Heightened Conversation


Patrick Friesen is a fan of Raoul Fernandes's poetry (sample poem here).
Raoul creates his own voice, a voice of heightened conversation. You wish people spoke that way, but they don’t. They could. The rhythms are drawn-out but tightened by a skillful balance of talk and precise image. The images are sometimes startling and unexpected. Raoul also occasionally employs unusual word orders making the reader see/hear the line a little differently. It feels as if his voice is on the verge of finding another texture, a deepening, but that may simply be an air of anticipation, as if one is watching the headlights of a car appearing and reappearing as it approaches on a hilly road. What could arrive is danger.

Sunday, 24 May 2015

The Pay Back



Irish poet Elaine Feeney is interviewed about her poem "Mass":
Maeve Mulrennan: I prepared for this interview by listening to your work rather than reading it, and I was wondering about your poem, "Mass," which you performed to the camera. Did you find that an intense thing to do?

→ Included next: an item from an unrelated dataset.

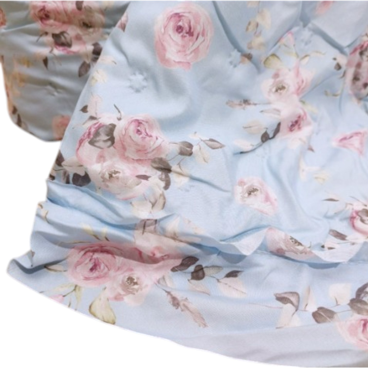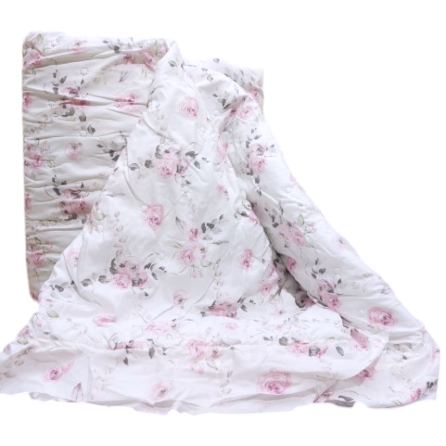 Quilt termosaldato con volant. La particolare trapuntatura termosaldata crea un bellissimo colpo d'occhio. Il trapuntino è particolarmente morbidoso e si adatta bene a più stili con la sua fantasia floreale evergreen.

Elaine Feeney: Colm Keegan told me that he was talking to Séamus Rutledge about that poem, joking that it should have been nominated as the poem for Ireland. There was no decent recording of it, so Colm recommended that I record the poem and put it on YouTube. It was a scary experience, I did it in my house, I put it out there and within minutes it got two thumbs down in the comments section—probably from the local bishops!

MM: I’d find that so frustrating! I’d love to know who those two people were.

EF: "Mass" is not supposed to sit well, people are supposed to find it uncomfortable. Some people think that "list poems" don’t work and I agree to a certain extent, but this works as a list-piece. We had to listen to enough mass growing up, so this is the pay back. Some people are shocked when it turns nasty at the end, mentioning homophobia and how there won’t ever be a women’s mass. It is easier to delude ourselves and keep going to mass. When I see crowds going to mass it unnerves me.